Sleuth, Zipkin and Brave

Let's talk about the relationship among spring cloud, sleuth, Zipkin and brake.

First of all, you may have more contact with Spring Cloud Sleuth, which is the Spring framework family (why not call it the Spring Cloud framework family here? In fact, this is because Sleuth, like other components in the Spring framework, is very flexible, that is, it can cooperate with other Spring Cloud components, or it can not be used with other Spring Cloud components, but only be used as a trace tracking system framework for trial.) It provides trace tracking for the whole microservice framework system.

About the difference between Trace and Log, two articles are recommended:
Logging vs Tracing vs Monitoring
Logging vs. tracing

Secondly, Zipkin is a complete framework for collecting, analyzing and presenting Trace data.
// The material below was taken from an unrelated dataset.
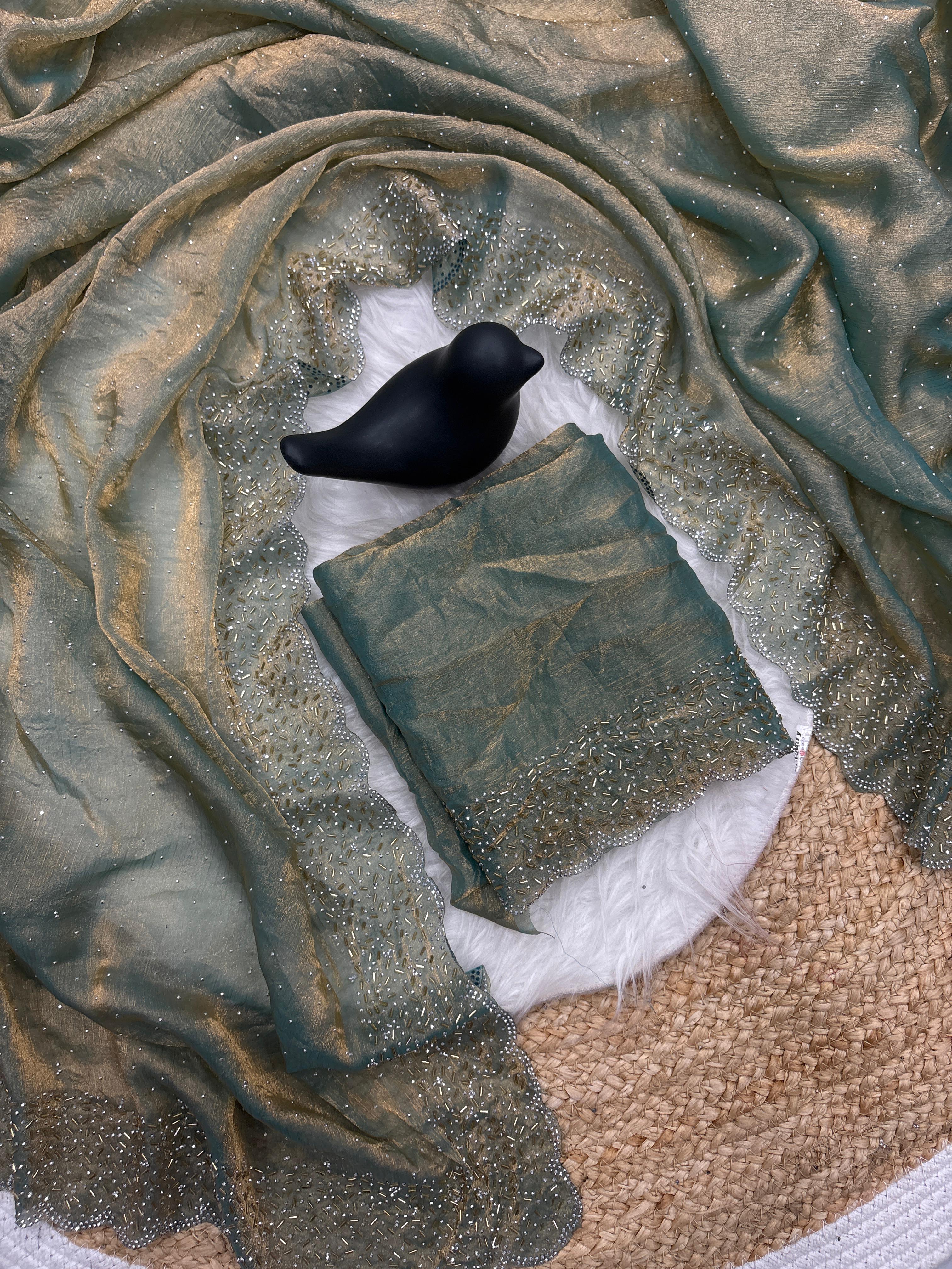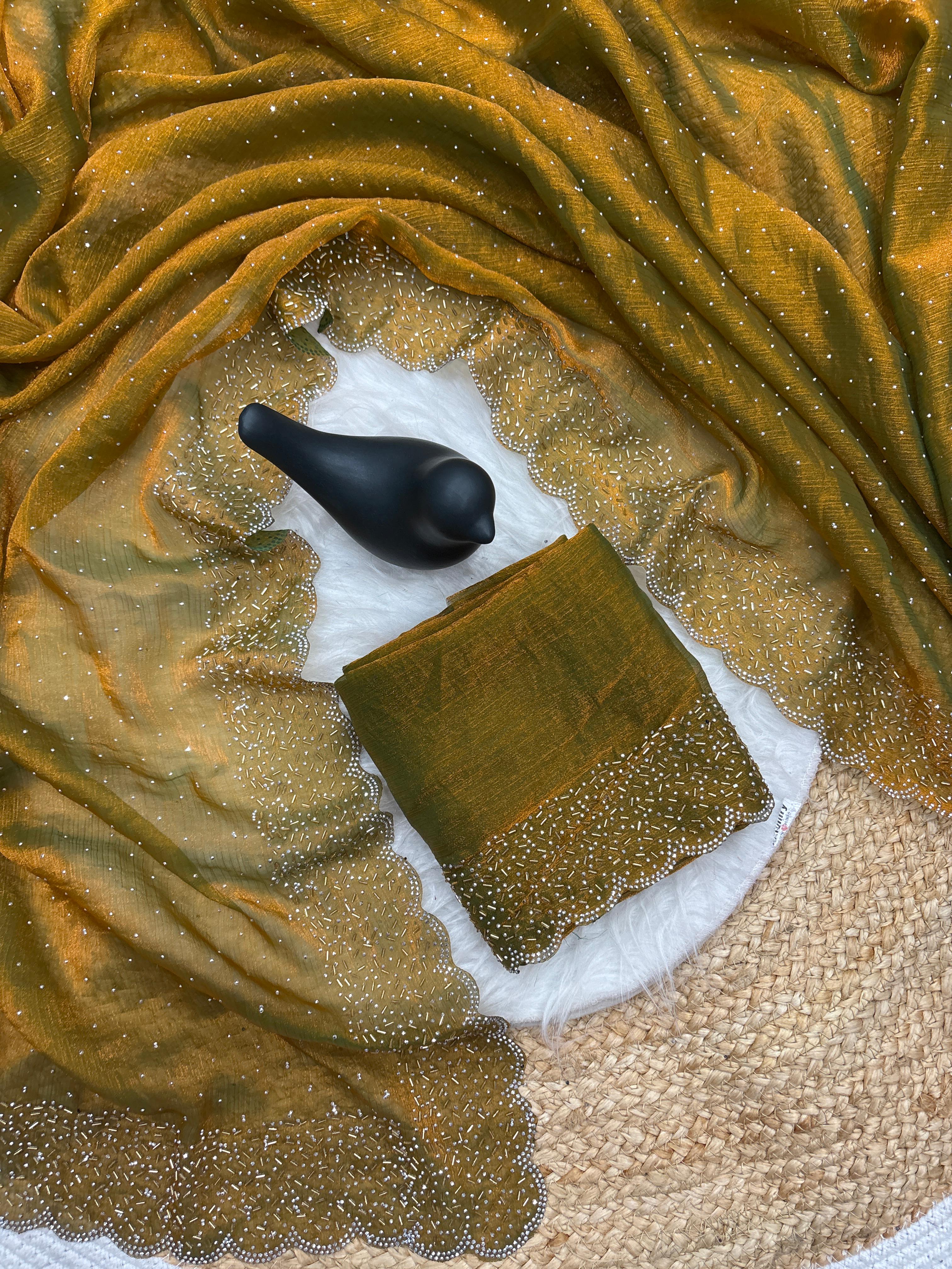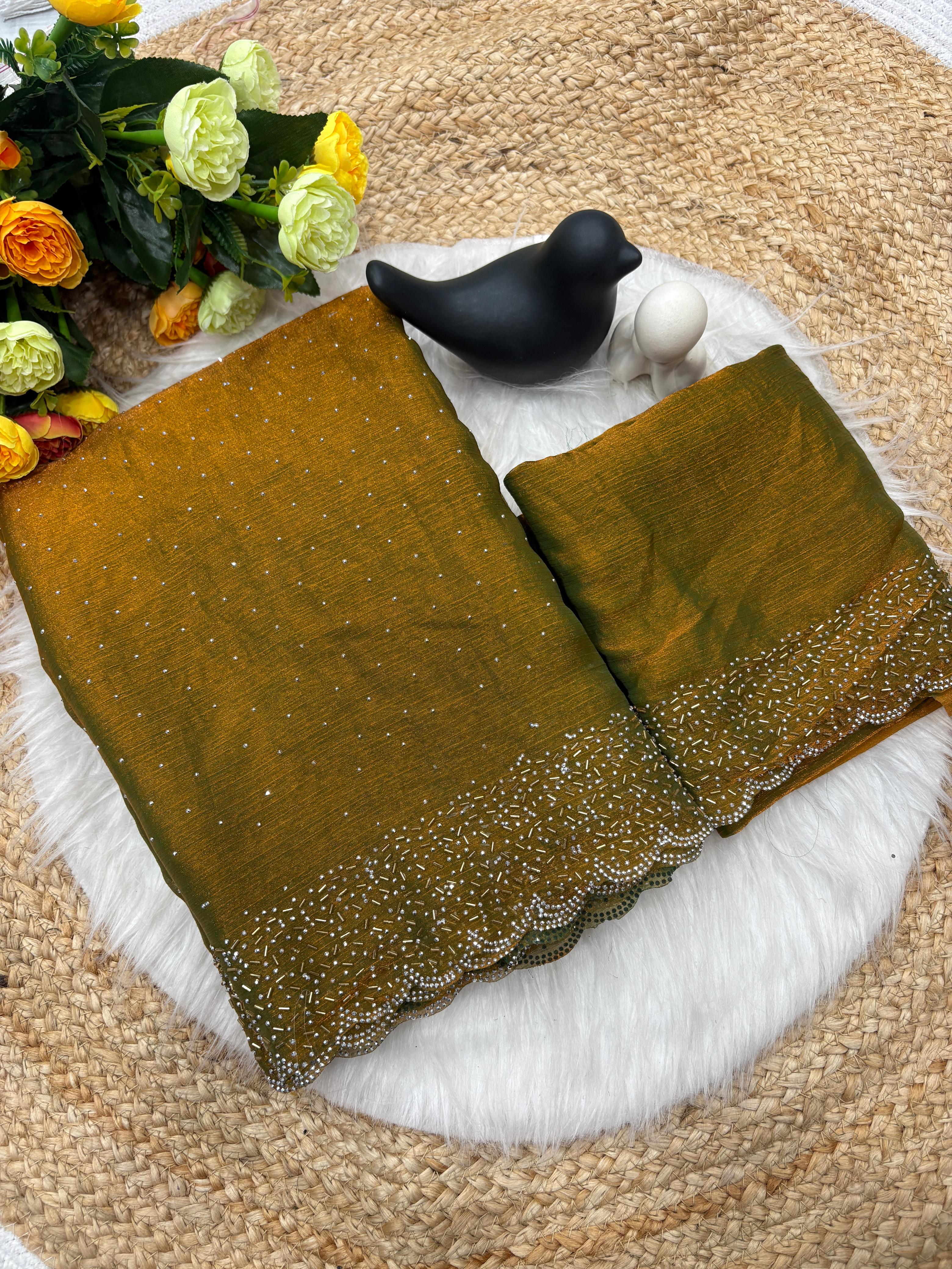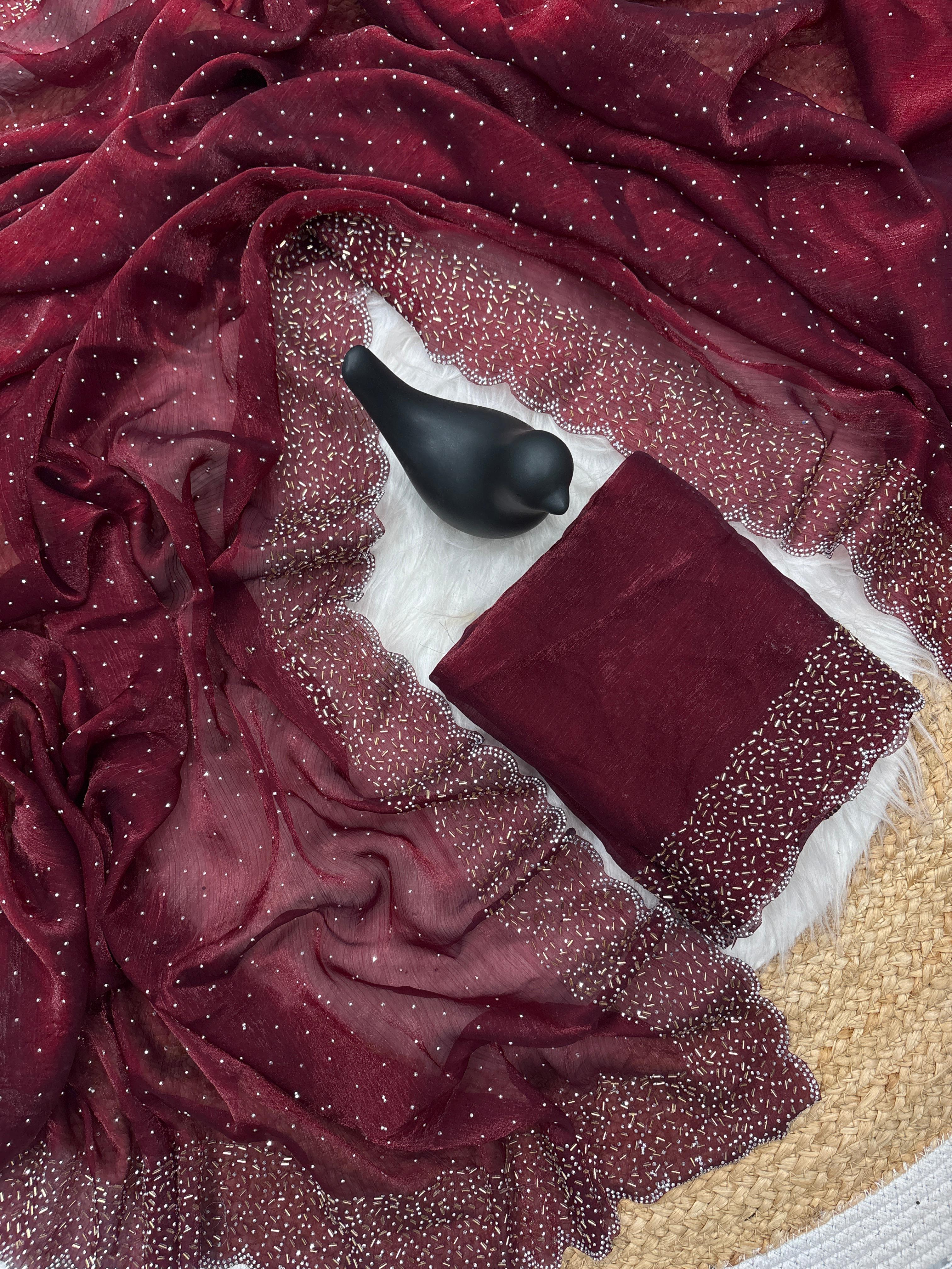 Tamanah Spacec Silk Saree with Zarkhad Diamond Work & Fancy Chiffon Blouse | Party & Wedding Wear

The overall architecture of Zipkin is shown in the figure:

On the way, it can be seen that if ELK stack is used as the framework for log storage and analysis, Zipkin plays a role very similar to that of Logstash and Kibana, that is, 1) complete the collection of trace data, and 2) realize the visual tracking of trace.
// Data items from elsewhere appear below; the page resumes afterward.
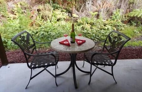 Experience tranquility in our forest-enclosed rooms, providing a calm refuge with private lanais for dining to the melody of forest birds. Each room is a sanctuary equipped with a plush 14-inch memory foam mattress and a flat-screen TV. Our courtyard, a mix of open skies and enclosed areas, features a hot tub for ultimate relaxation. Enjoy the amenities of an in-room coffee maker, microwave, and refrigerator. The majesty of Volcanoes National Park, just 2.5 miles away, invites your discovery.
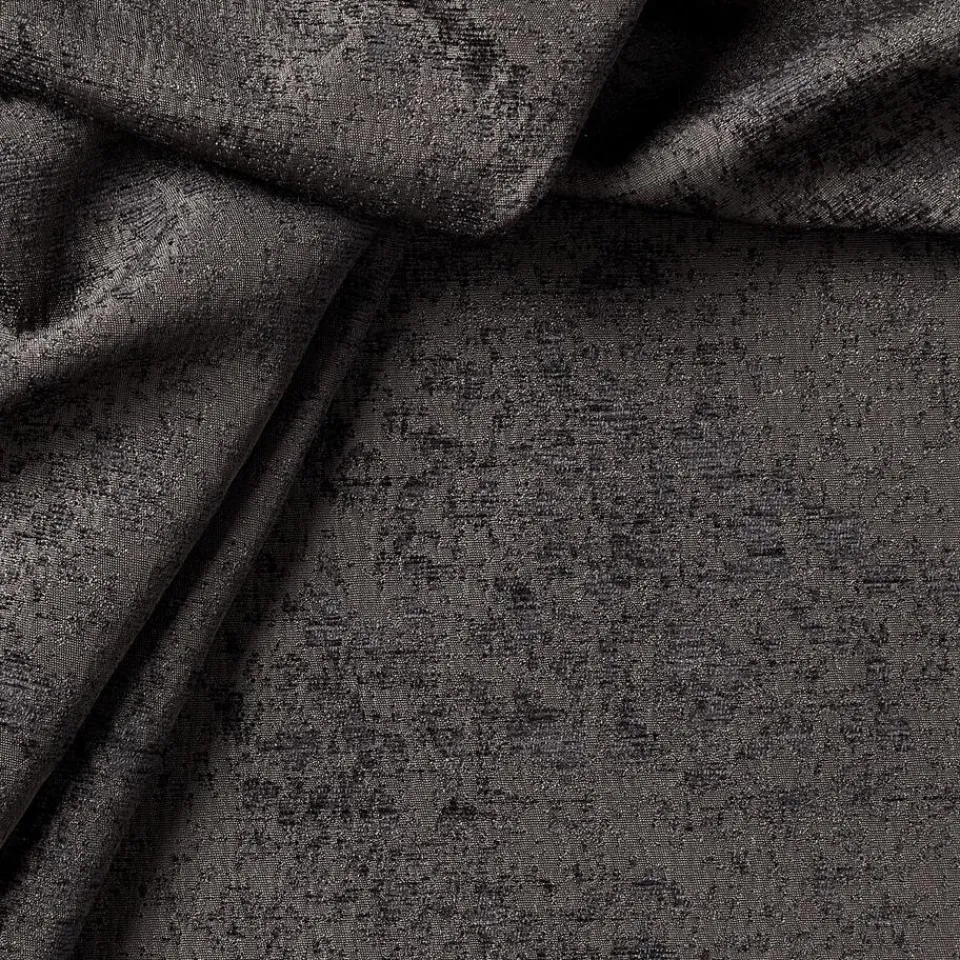 Lichtdoorlatende antracietkleurige gordijnstof. De geweven structuur en de glans zorgen voor een luxe en volle uitstrali…
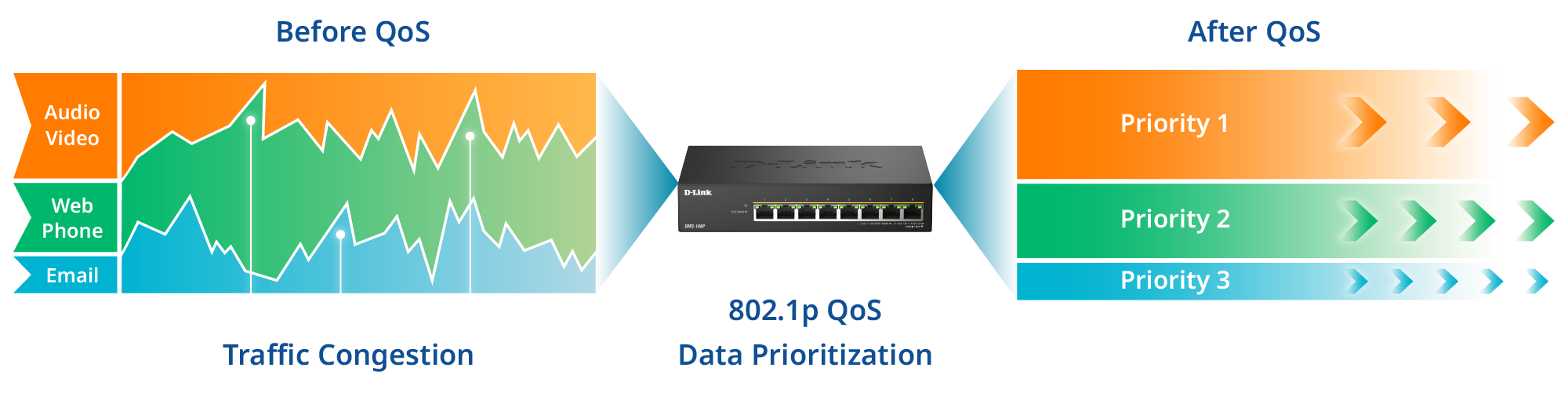 With the DMS-108P, you can effortlessly manage your network traffic with the 802.1p Quality of Service (QoS) feature. The switch automatically organizes and prioritizes time-sensitive and critical data for efficient delivery, enabling buffer-free video streaming as well as jitter-free video and voice calls.
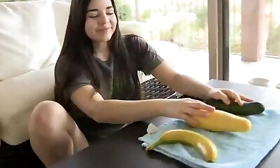 Unexperienced Fucks Her Big Udders and Tight Pussy with a Cucumber

Finally, brave. Brave's official statement is:

Brave is a library used to capture latency information about distributed operations. It reports this data to Zipkin as spans.

From the literal meaning of this sentence, brake is a front end of Zipkin, which is similar to the Instrumented Client on the way of Zipkin architecture. However, there is another sentence in brave's official statement:

Brave's dependency-free tracer library works against JRE6+.

This shows that, first of all, brake is a tracer library that provides a tracer interface. For its background, Zipkin can be used or extended to other backend.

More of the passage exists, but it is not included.